More attacks on Libya’s oil facilities are likely unless a United Nations-backed unity government is approved, the head of Libya’s National Oil Corporation (NOC) said on Monday.

Mustafa Sanalla said that suspected Islamic State militants had staged their latest attack against Libya’s oil infrastructure late Thursday or Friday, setting fire to one production tank and damaging another at the Fida oil field.

Fida lies south-west of the oil terminals of Es Sider and Ras Lanuf, where militants launched repeated assaults and inflicted major damage last month.

Total current production stands at 360,000-370,000 barrels per day, he said, which is less than a quarter of the 1.6 million bpd that Libya was producing before the uprising that toppled Muammar Gaddafi in 2011.

Islamic State has been making inroads in Libya following setbacks in its strongholds in Syria and Iraq.

The group has taken control of the city of Sirte and has developed a presence in the city of Ajdabiya, both close to the terminals that were attacked in January.

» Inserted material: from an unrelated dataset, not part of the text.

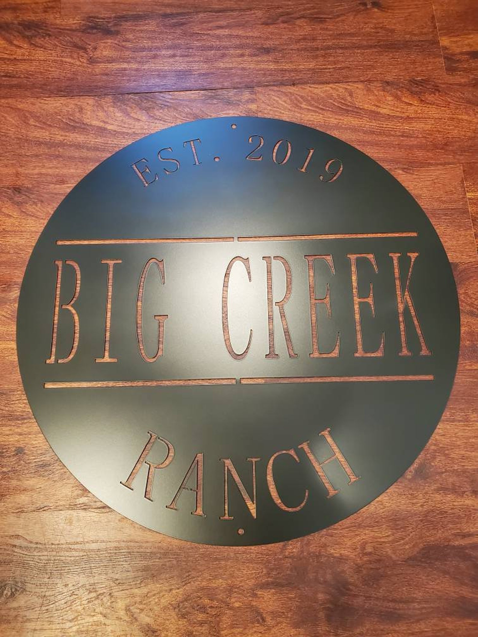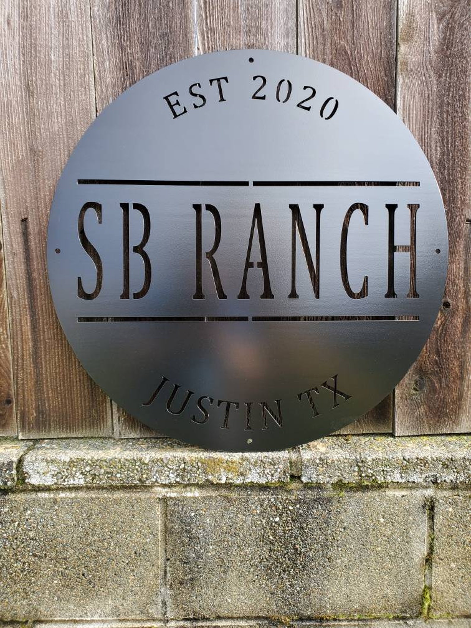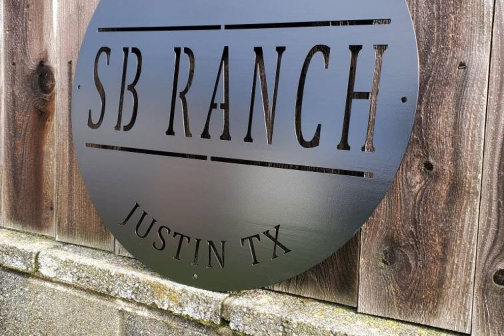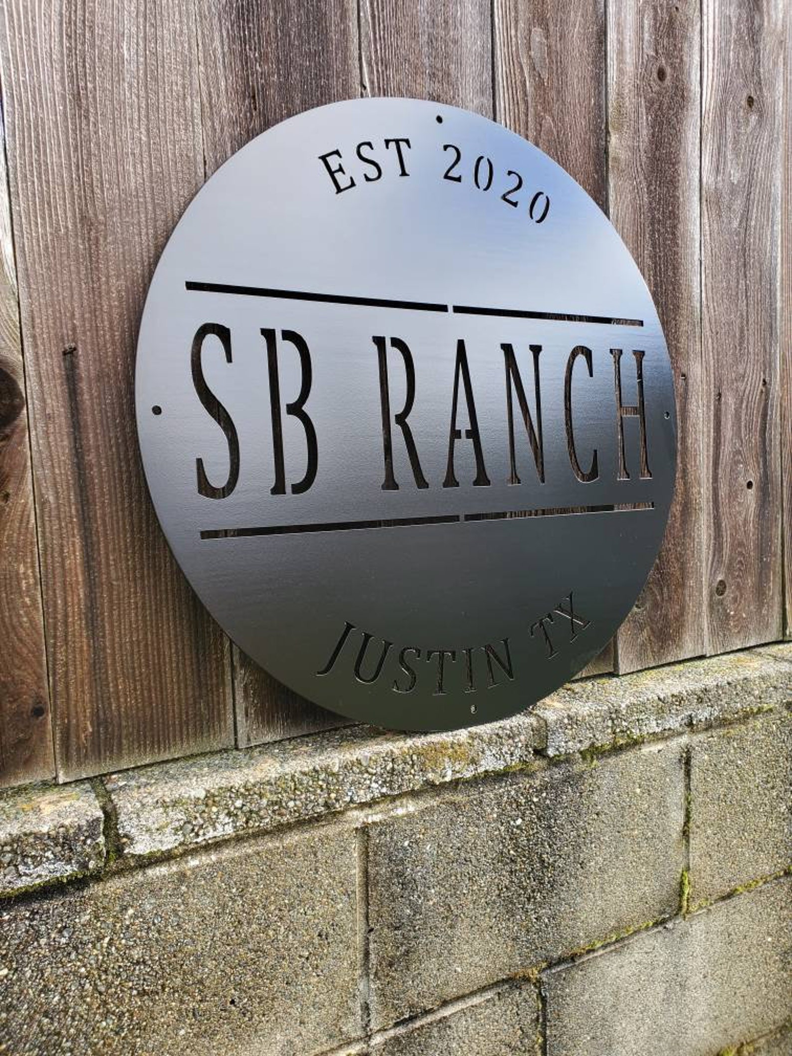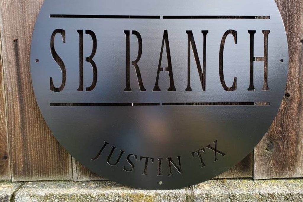 We do custom work as well. Made out of 12 gauge steel. Sign has a matte black finish and the size is 24 inch diameter. Perfect for any property entrance or wall decor. Built to hang from a post or mount wall.

The militants have also become increasingly assertive in Sabratah, which is close to a western Libyan oil and gas terminal partly owned by Italy’s Eni S. p. A., Libyan and Western security officials said.

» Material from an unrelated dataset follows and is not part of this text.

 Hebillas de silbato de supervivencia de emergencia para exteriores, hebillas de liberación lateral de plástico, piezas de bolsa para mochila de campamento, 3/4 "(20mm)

Early last year, the extremist group claimed attacks on several oil fields in central Libya, with the damage forcing France’s Total SA to book a write down on one of the targeted facilities.

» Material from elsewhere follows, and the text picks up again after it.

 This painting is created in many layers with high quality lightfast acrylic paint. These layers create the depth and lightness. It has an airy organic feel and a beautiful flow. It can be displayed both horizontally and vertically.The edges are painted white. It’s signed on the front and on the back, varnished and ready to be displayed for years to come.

U.S. officials said they suspect the group is trying to replicate a strategy of attacks against the oil industry already applied in Syria and Iraq.

In western Iraq, Islamic State’s predecessor, Islamic State of Iraq, initially sabotaged and attacked oil fields and pipelines.

Once the facilities became less valuable as they got damaged and risky to protect, the group took control of the assets.